Meskipun menghadapi tantangan ini, banyak orang yang diamputasi menunjukkan ketahanan yang luar biasa, menerima dukungan dari masyarakat setempat dan organisasi kemanusiaan untuk membangun kembali kehidupan di tengah kekacauan dan ketidakpastian yang sedang berlangsung.
Sobhi Soboh, seorang fisioterapis dan anggota dewan proyek amputasi Palestine Children’s Relief Funds, berbicara kepada TNA tentang pengalamannya sebagai seorang amputasi sejak usia delapan tahun. Dia kehilangan kakinya setelah bom Israel menyebabkan tembok runtuh di rumah keluarganya di Gaza utara saat dia sedang bermain.

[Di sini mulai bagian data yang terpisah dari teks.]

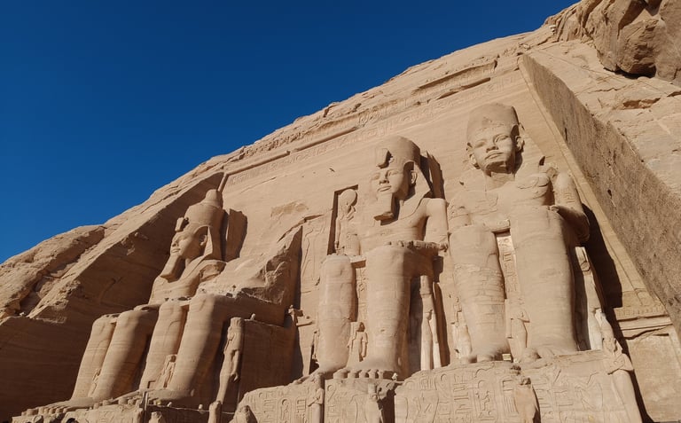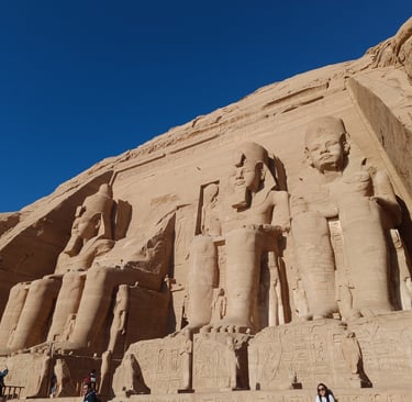El templo de Abu Simbel es uno de los tesoros más impresionantes de Egipto. Tallado en la roca a orillas del lago Nasser, su fachada con las colosales estatuas de Ramsés II deja sin aliento a cualquiera que se acerca. En el interior, los muros narran las victorias y la grandeza del faraón, mientras la luz del sol, en dos fechas exactas del año, ilumina sus estatuas sagradas. Visitar Abu Simbel es contemplar no solo la majestuosidad del antiguo Egipto, sino también el ingenio humano que logró preservar este templo único de las aguas.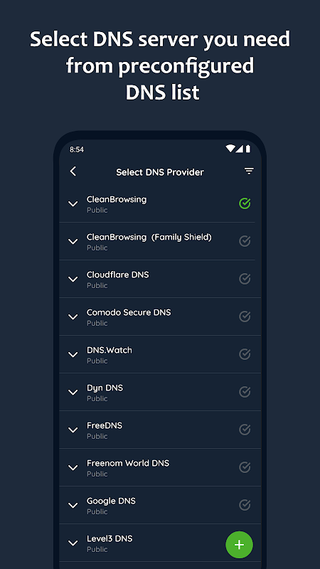 DNS चेंजर ऐप के साथ, आप सबसे तेज़ DNS सर्वर पा सकते हैं और बस एक टच से उससे कनेक्ट हो सकते हैं।

Ia menghabiskan lima tahun hidup berjalan di atas sapu. Dari waktu ke waktu membuat kruk sendiri dari baja logam yang terasa sangat berat untuk berjalan. Setelah saya bertemu PCRF pada tahun 2008, hidupnya berubah ketika mendapat bantuan kaki palsu pertama. “Saya sempat berpikir untuk bunuh diri karena dampak fisik dan mental yang saya alami akibat situasi tersebut,” kata Soboh kepada TNA.
Menjadi seorang yang diamputasi di Gaza di tengah perang saat ini sangatlah sulit karena kombinasi dari keterbatasan sumber daya medis, hambatan fisik, kesulitan ekonomi, dan trauma psikologis yang diperburuk oleh konflik yang sedang berlangsung dan krisis kemanusiaan.